Тракторист усмехается:

— Померещилось тебе. Я ведь в натуре здесь, а по табелю — в котловане, землю копаю…

— А кто меня переехал?

— Не видел, не знаю!

Вскочил на трактор и уехал с завода, на свадьбу к племяшу.

Я шарахнулся к стройке. Озираюсь. Приметил возле сваенабивных машин человека, живого, на мираж не похож. Оглянулся на меня и… бежать.

— Стой! — кричу. — Стой! Призрак несчастный.

Дышим сипло, запаленные. Кругом — лес подъемных кранов, металлоконструкции на тросах качаются. Техника как будто на ходу, но попробуй разберись, которая тут только по табелю, а которая на самом деле. Не лезть же опять под механизм?

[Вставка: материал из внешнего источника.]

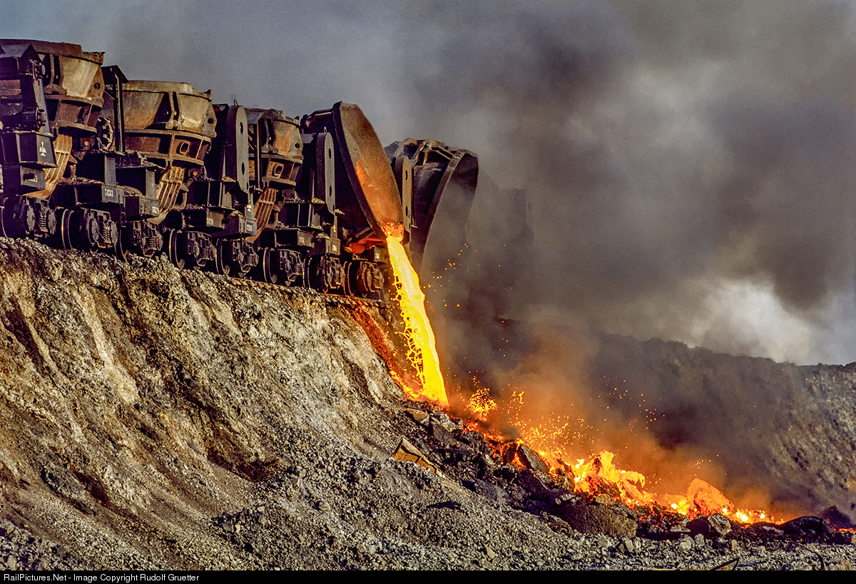 A slag car discharges its load of molten slag.
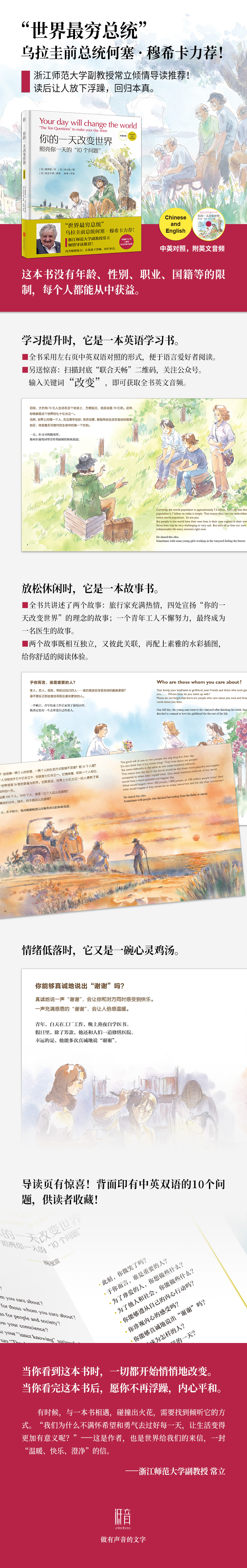 3.赠送双重惊喜!中英双语内文,扫描书内二维码,即可听全书英文音频,兼具语言学习功能;导读页背面印有超级励志的中英双语版“10个问题”,可收藏。
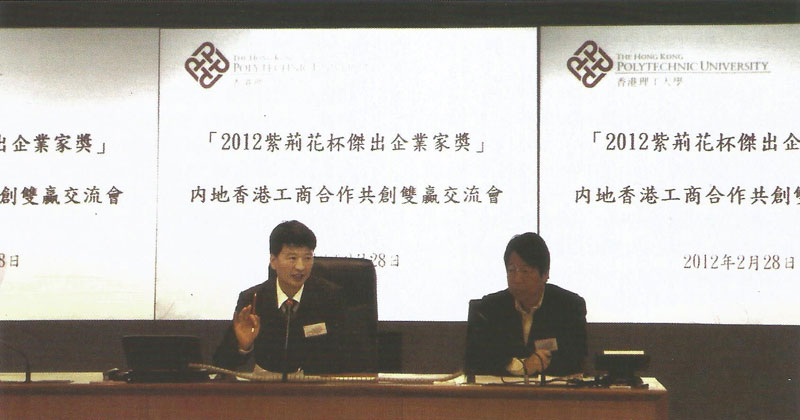 “2012年紫荊花杯杰出企業(yè)家獎”的頒獎典禮正在進(jìn)行,主禮嘉賓香港特別行政區(qū)立法會主席曾鈺成先生,特邀嘉賓中央港理工大學(xué)校長唐偉章先生共同啟動了2012紫荊花杯杰出企業(yè)家獎亮燈儀式。曾鈺成先生發(fā)表了熱情洋溢的講話,他對12位中國內(nèi)地的獲獎企業(yè)家表示祝賀,為此次海內(nèi)外民營企業(yè)家的盛會開啟序幕。
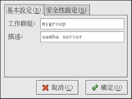 在『基本設定』 的標簽頁中,請指定這個電腦所屬的工作群組,以及關於這部電腦的一個簡短的描述。 這兩個欄位等同於 smb.conf 設定檔中的 workgroup 與 server string 選項。
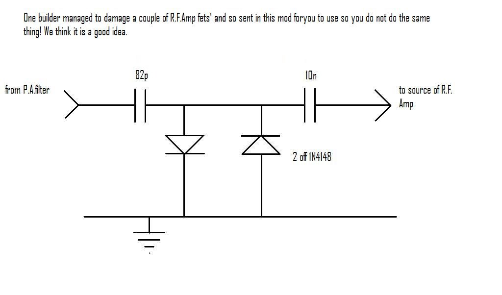 For builders of the TT Rob, PA3EQB sent in this construction tip. The problem He suffered damage to the grounded gate R.F. amplifier. The fix he applied was.... The two diodes will limit any R.F. voltages to their conducting threshold so preventing any large R.F. Votages from damaging the FET source. After the 82pF input capacitor he connected two diodes back to back (anti-parallel) to earth and then a 10n to the source.
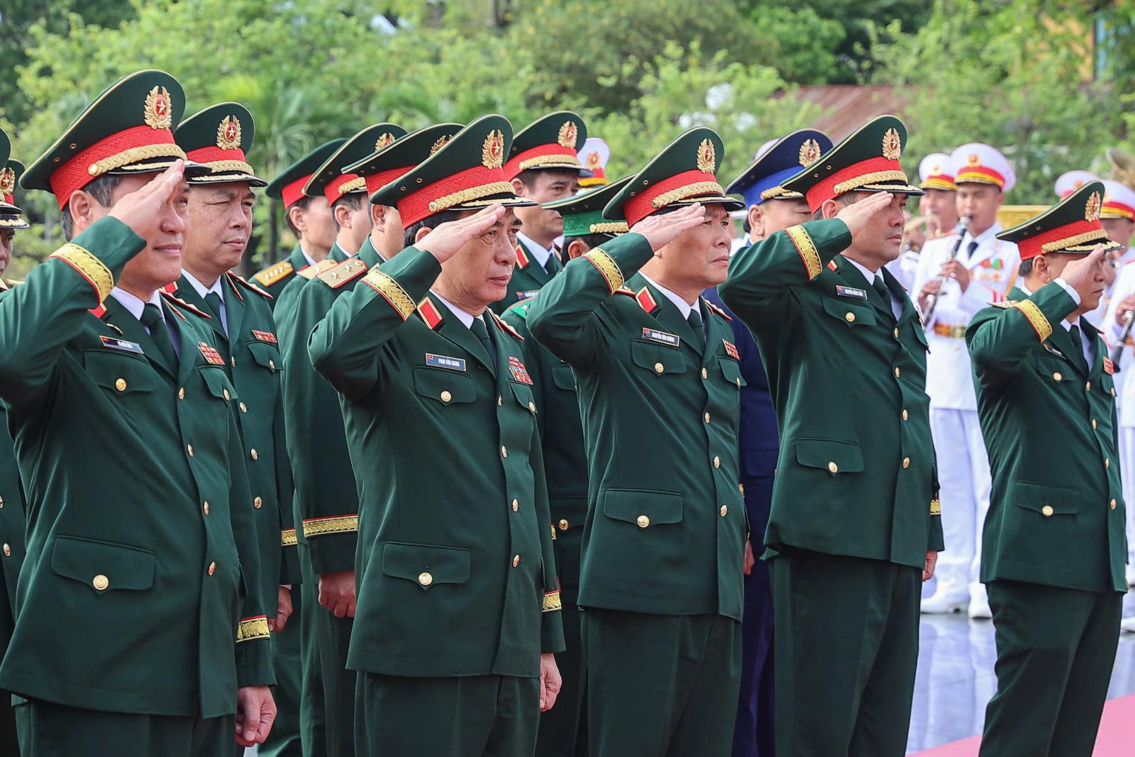 Dự lễ tưởng niệm có Tổng Bí thư Tô Lâm, Chủ tịch nước Lương Cường, Thủ tướng Phạm Minh Chính, Thường trực Ban Bí thư Trần Cẩm Tú, Chủ tịch Ủy ban Trung ương Mặt trận Tổ quốc Việt Nam Đỗ Văn Chiến.
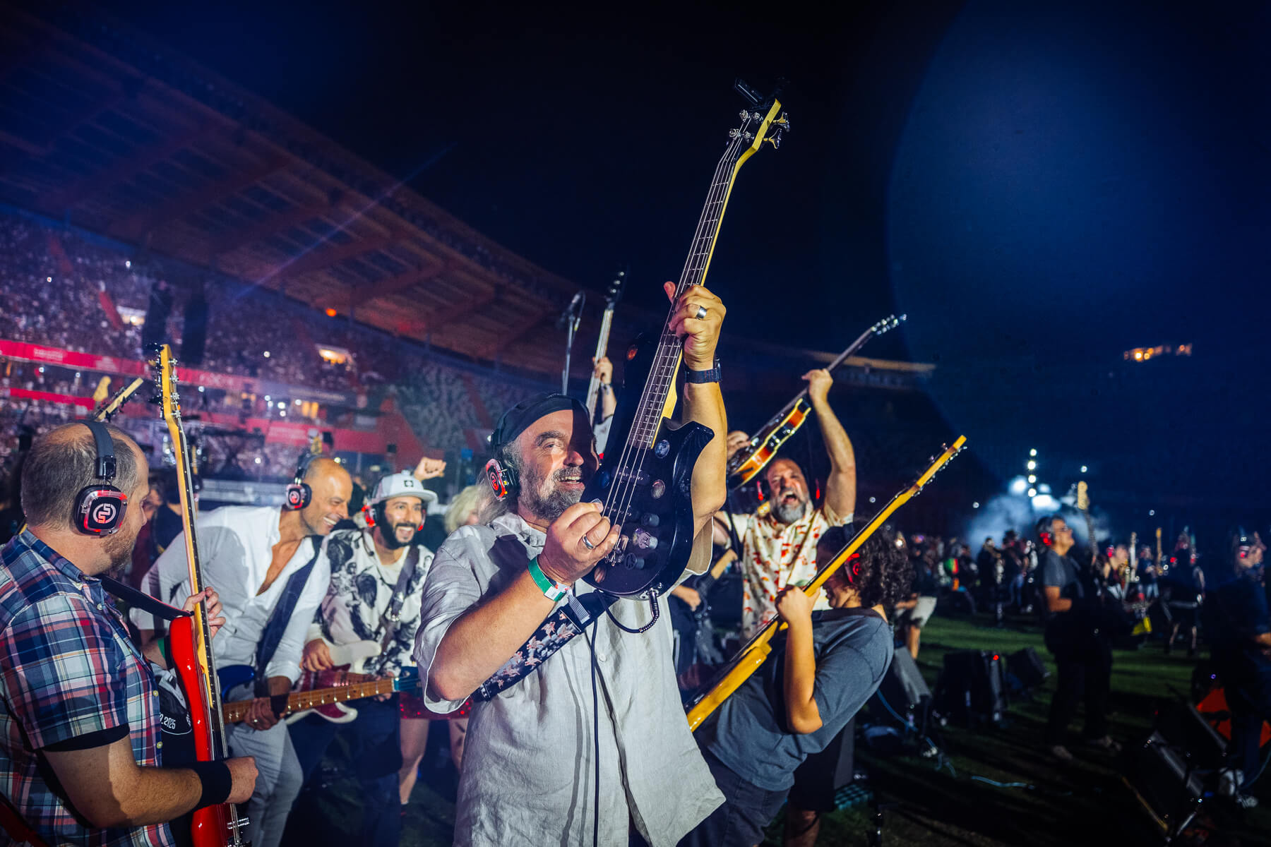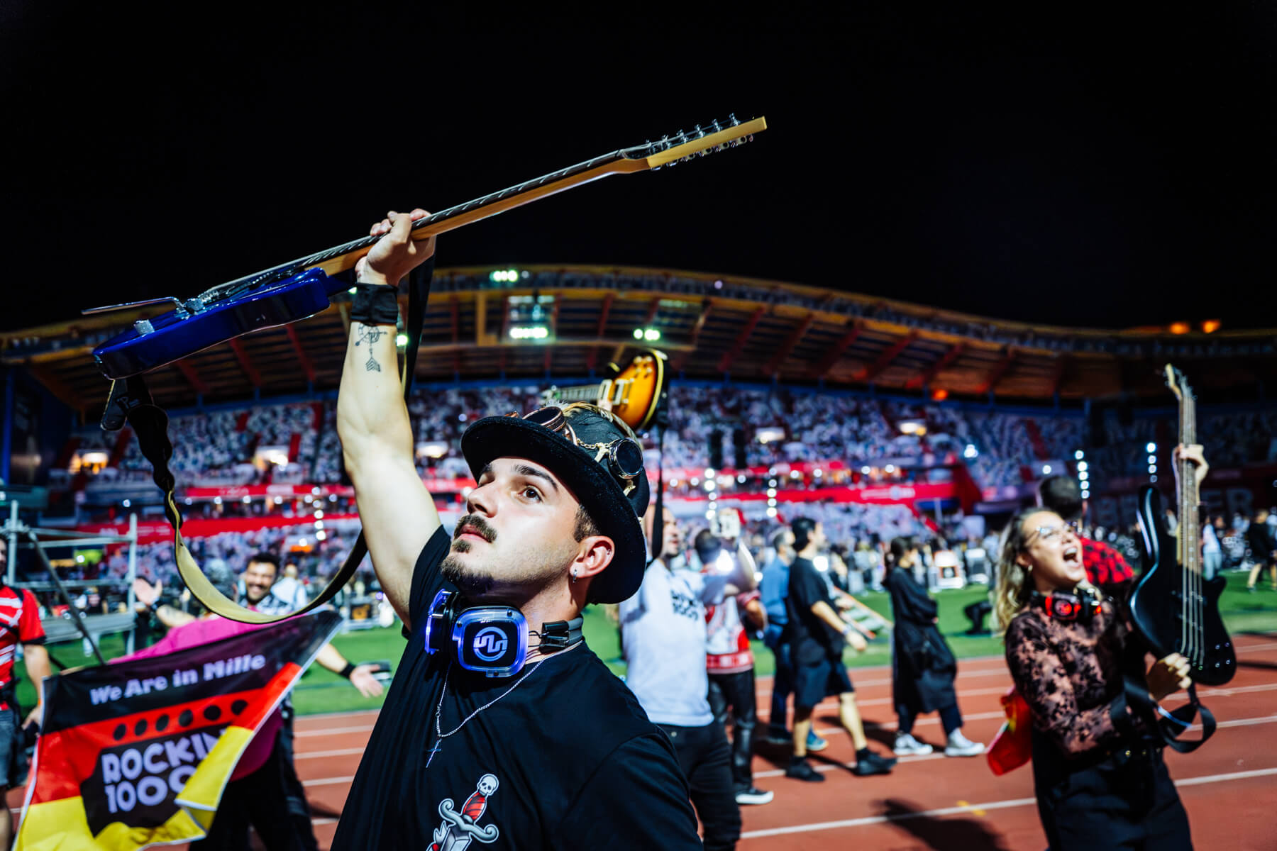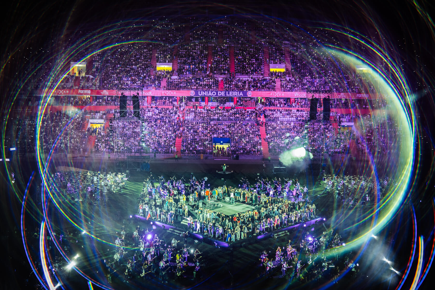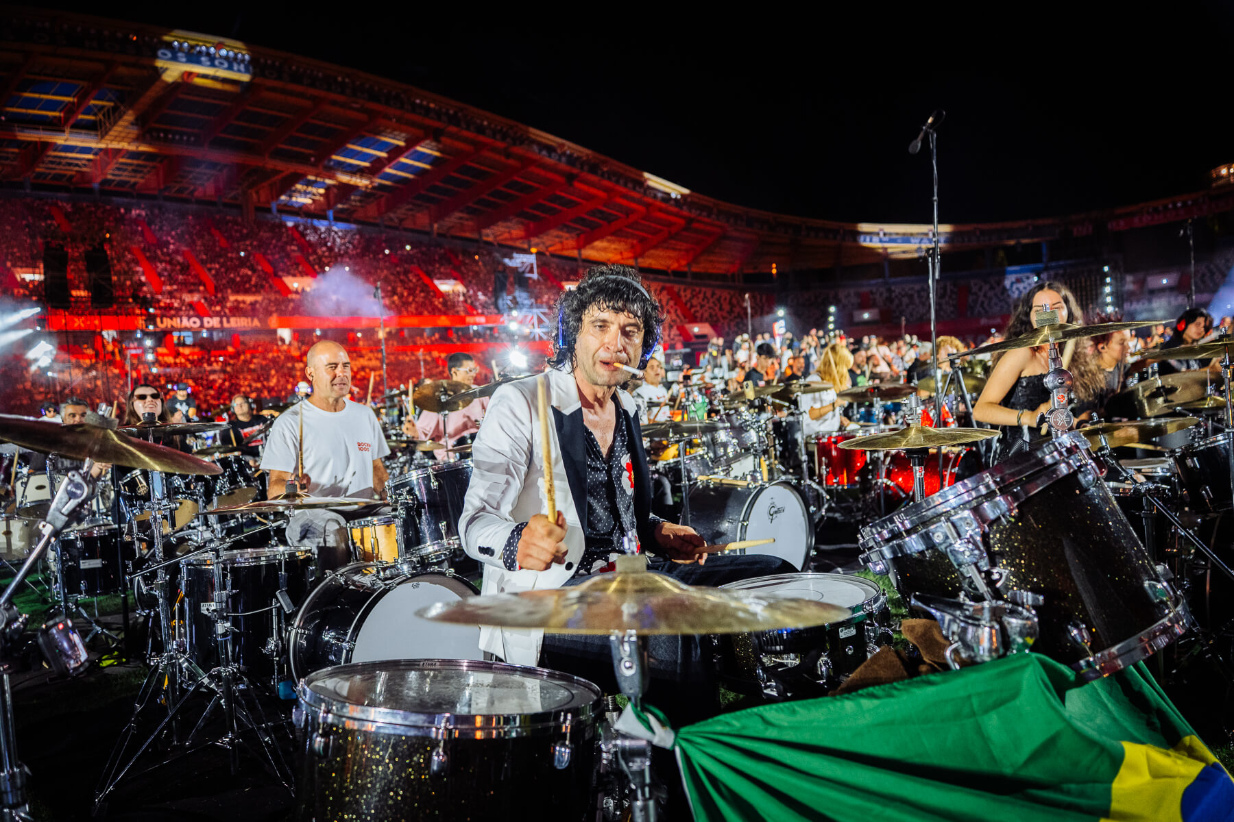 Pular para o conteúdoO Rockin’1000 voltou a encher o Estádio Municipal de Leiria com energia, diversidade e paixão. 1000 músicos de 29 países transformaram a cidade no epicentro mundial do rock com todos os bilhetes que foram colocados à venda esgotados e fãs vindos de 46 países.

В прорабской пусто, дверь заперта, свет горит, следы ведут к столу, а за столом никого.

— Ты кто, зачем пришел? — спрашивает кто-то.

— Я, это самое, — говорю, — не по табелю. По табелю-то я не здесь, а на соседнем заводе…

— Понятно, — говорит прораб и вылазит из шкафа. — Устал я с вами, фиктивными.

— Много у вас таких? — интересуюсь.

— Пруд пруди! — Прораб достал журнал. — Пять слесарей в учтенном прогуле, десять — в неучтенном, два бригадира ушли после обеда, отпросившись, зато их бригады испарились без спроса. Тракторист Касторкин…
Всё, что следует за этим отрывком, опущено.